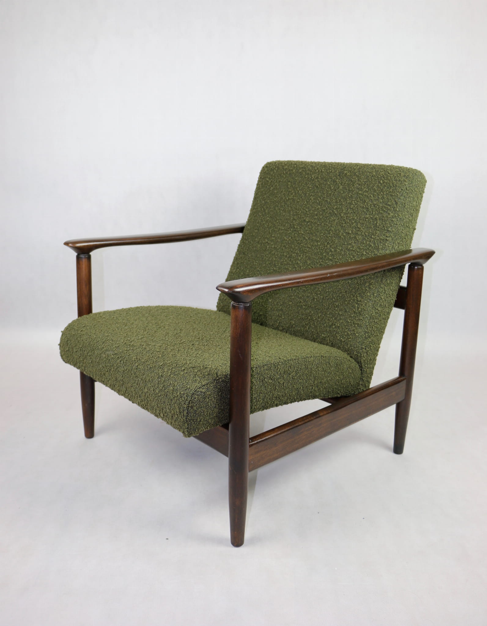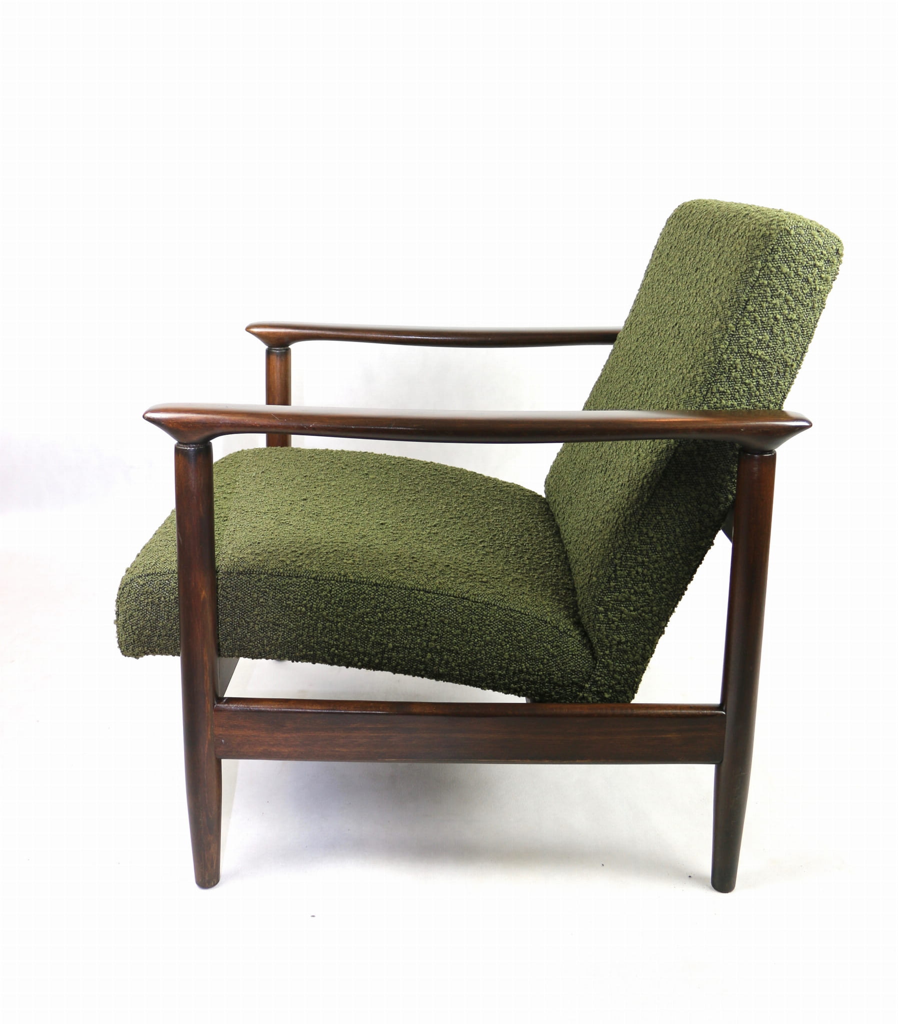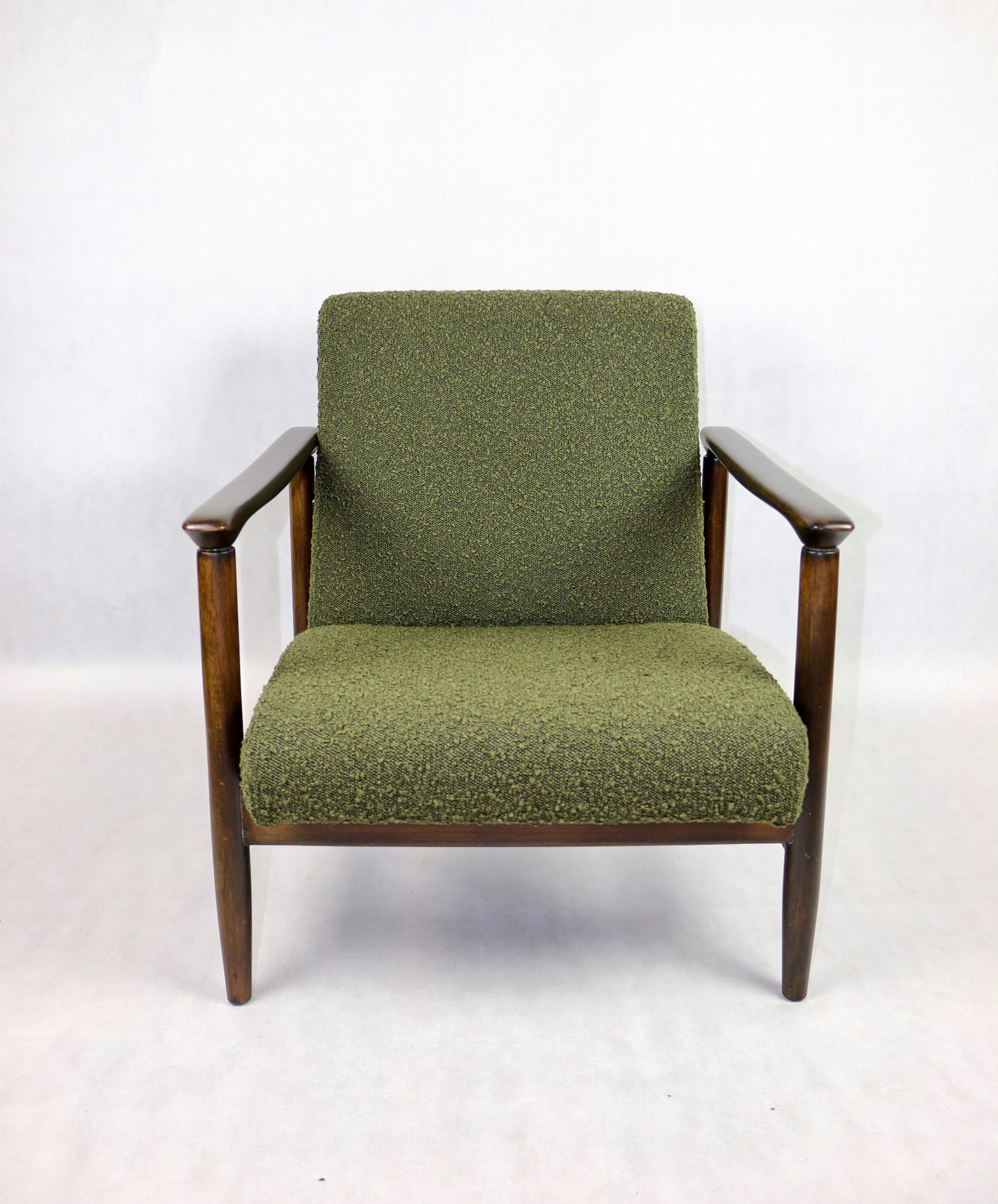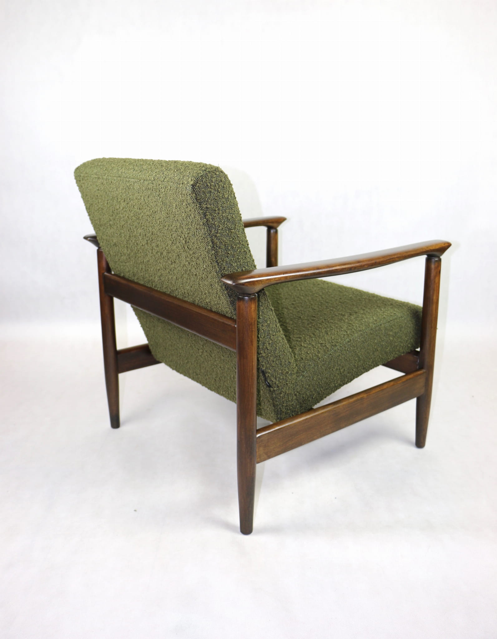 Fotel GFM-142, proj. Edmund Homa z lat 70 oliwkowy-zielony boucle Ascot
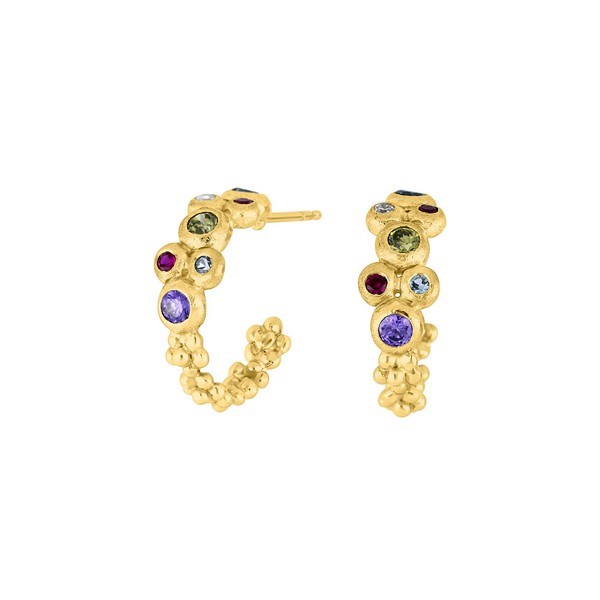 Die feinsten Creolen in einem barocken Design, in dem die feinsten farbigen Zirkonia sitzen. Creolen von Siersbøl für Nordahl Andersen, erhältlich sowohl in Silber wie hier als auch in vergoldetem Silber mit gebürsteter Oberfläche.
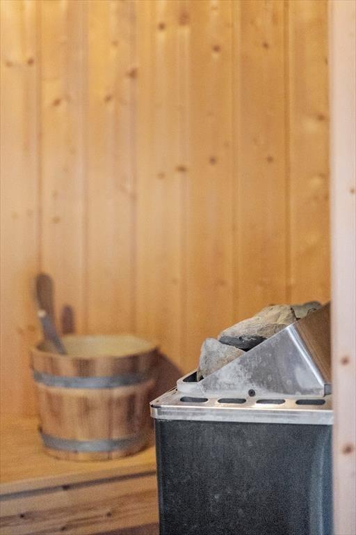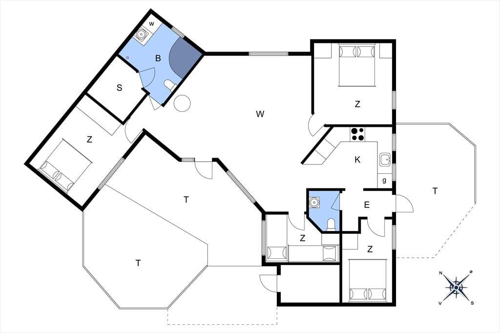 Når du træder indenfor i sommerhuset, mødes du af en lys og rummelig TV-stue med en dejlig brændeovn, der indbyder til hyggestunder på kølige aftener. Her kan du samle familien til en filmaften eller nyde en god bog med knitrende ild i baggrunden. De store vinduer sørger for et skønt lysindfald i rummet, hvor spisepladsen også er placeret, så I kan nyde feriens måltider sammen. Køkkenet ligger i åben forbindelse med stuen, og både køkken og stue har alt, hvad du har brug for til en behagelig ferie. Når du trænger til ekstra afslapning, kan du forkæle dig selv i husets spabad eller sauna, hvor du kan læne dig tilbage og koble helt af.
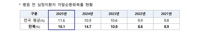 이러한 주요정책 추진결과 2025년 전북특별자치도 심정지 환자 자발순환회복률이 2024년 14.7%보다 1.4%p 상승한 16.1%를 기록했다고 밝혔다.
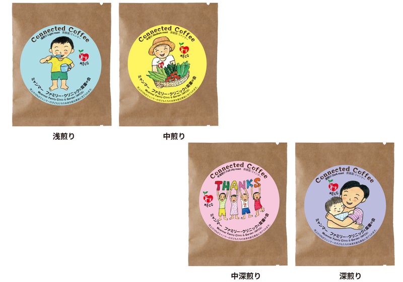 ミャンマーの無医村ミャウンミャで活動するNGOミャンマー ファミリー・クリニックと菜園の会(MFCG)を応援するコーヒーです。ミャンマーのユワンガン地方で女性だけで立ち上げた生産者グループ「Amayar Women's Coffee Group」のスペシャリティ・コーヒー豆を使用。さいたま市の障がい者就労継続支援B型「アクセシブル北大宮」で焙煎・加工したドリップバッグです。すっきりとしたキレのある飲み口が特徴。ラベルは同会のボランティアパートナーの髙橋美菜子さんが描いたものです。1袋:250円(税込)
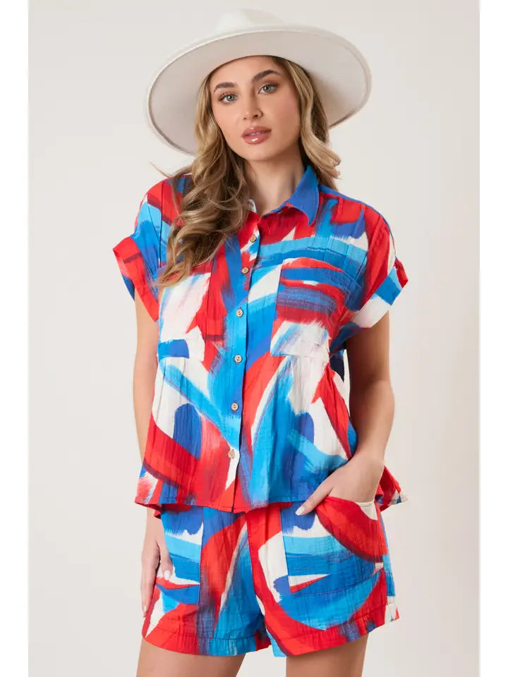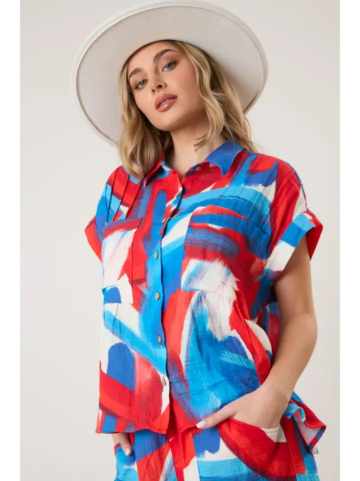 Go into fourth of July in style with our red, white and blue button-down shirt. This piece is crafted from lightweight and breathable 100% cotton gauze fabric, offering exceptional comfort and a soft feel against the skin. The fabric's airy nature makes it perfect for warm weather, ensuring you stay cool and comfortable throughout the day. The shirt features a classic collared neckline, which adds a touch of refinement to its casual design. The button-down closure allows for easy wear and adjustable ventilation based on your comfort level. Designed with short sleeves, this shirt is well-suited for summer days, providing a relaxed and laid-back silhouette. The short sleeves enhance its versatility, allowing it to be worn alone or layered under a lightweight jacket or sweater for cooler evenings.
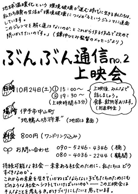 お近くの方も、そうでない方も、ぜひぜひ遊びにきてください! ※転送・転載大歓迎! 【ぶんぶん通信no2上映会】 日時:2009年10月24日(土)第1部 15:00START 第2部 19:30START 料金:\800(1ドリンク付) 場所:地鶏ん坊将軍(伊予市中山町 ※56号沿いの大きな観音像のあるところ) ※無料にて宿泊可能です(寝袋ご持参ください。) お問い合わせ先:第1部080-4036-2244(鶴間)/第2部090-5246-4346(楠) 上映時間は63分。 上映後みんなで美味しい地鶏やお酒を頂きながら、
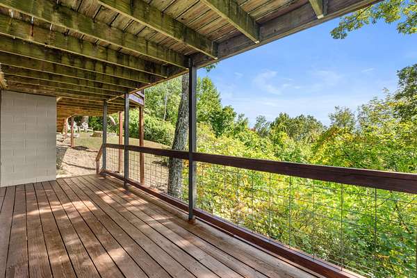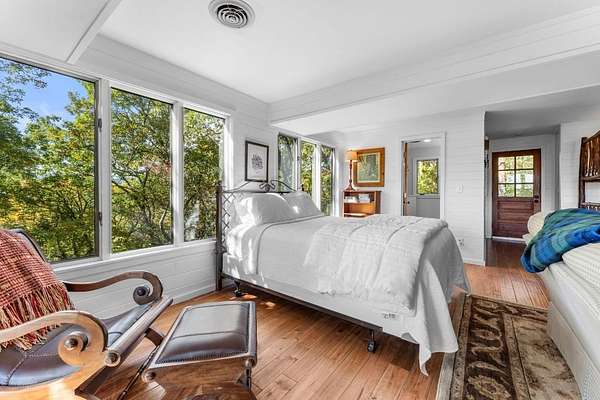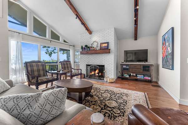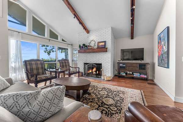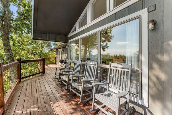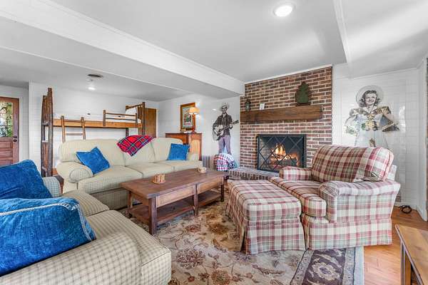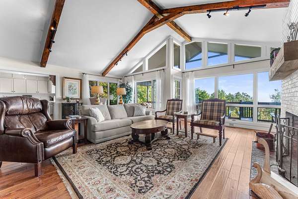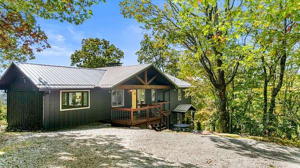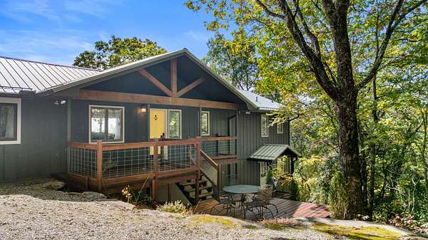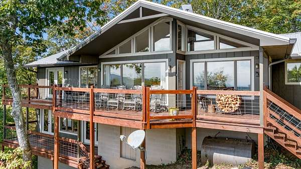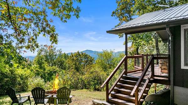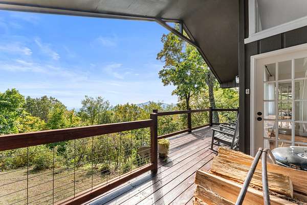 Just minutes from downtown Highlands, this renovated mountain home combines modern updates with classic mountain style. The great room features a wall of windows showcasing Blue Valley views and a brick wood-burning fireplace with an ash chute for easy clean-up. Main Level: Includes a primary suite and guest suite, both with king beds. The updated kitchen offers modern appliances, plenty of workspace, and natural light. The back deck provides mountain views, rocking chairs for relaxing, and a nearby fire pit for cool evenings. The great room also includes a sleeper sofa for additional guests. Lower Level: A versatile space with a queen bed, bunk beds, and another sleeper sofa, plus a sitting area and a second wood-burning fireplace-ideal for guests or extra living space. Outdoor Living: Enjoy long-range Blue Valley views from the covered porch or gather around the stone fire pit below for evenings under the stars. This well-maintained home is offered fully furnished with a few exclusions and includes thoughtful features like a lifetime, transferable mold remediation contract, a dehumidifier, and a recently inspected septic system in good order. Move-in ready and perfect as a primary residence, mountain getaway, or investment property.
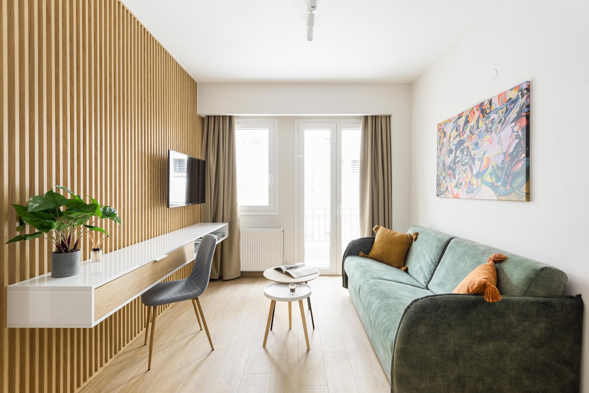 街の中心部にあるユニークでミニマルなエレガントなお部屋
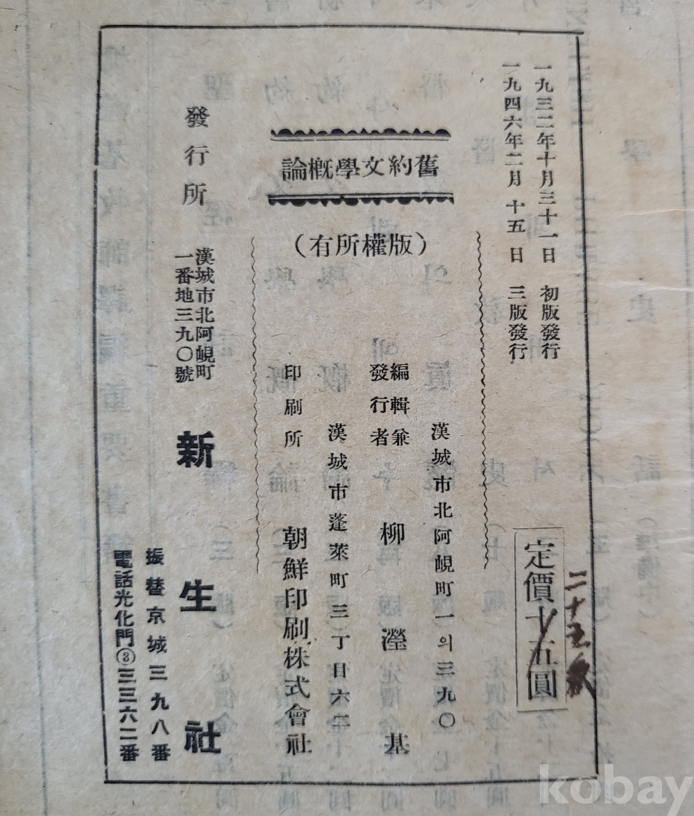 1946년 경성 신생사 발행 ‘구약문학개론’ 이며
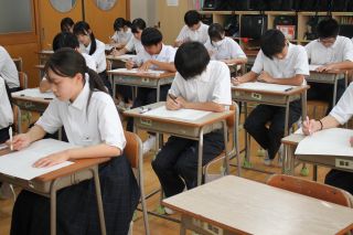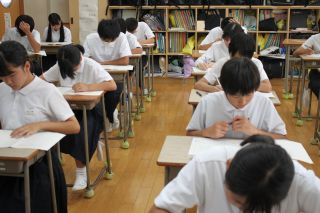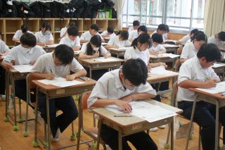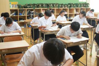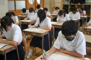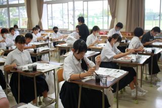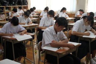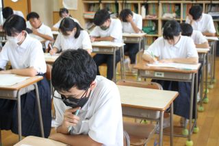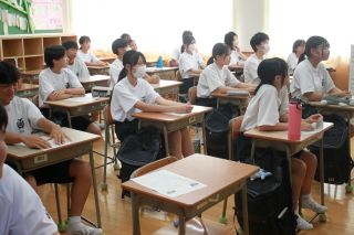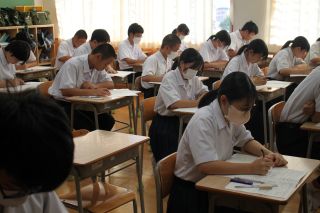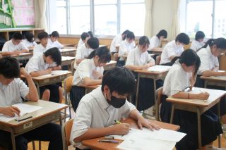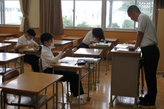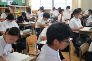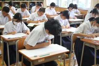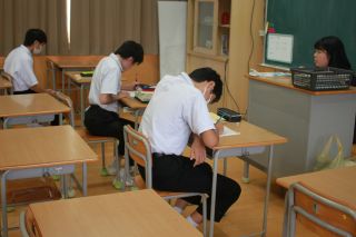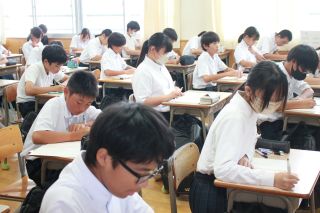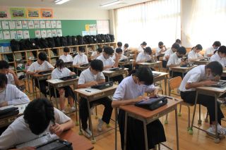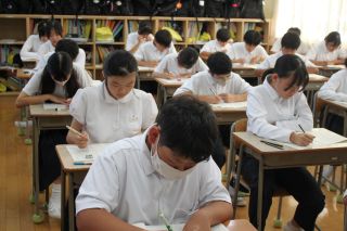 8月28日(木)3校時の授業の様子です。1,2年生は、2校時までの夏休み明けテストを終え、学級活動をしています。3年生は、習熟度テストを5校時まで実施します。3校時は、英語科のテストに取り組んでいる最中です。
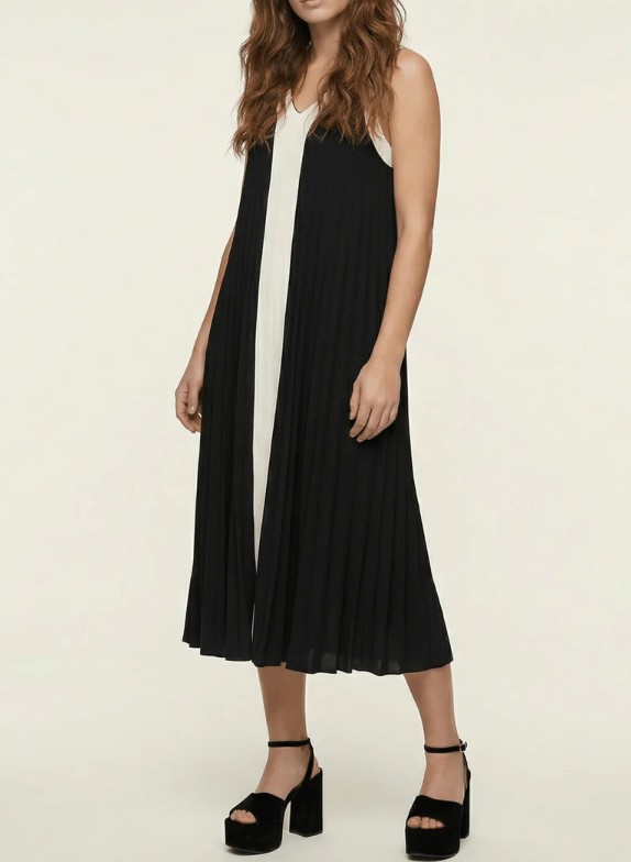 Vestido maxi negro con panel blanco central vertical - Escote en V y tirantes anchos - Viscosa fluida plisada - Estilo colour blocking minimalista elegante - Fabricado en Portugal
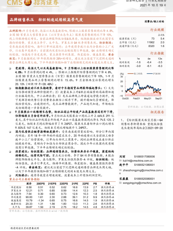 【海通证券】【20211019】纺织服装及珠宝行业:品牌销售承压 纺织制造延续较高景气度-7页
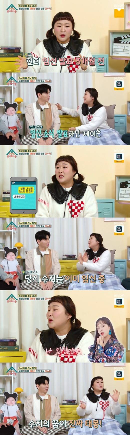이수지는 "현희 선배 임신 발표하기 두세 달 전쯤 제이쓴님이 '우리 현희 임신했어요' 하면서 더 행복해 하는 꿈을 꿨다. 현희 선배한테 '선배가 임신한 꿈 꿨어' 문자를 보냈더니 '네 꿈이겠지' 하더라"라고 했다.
+ + +
Exercise requirements ->
Only the lines from the beginning of the records up to and including the line with "Die feinsten Creolen" should appear, exactly as they are, and no pictures.

Result below ->
 Fotel GFM-142, proj. Edmund Homa z lat 70 oliwkowy-zielony boucle Ascot
 Die feinsten Creolen in einem barocken Design, in dem die feinsten farbigen Zirkonia sitzen. Creolen von Siersbøl für Nordahl Andersen, erhältlich sowohl in Silber wie hier als auch in vergoldetem Silber mit gebürsteter Oberfläche.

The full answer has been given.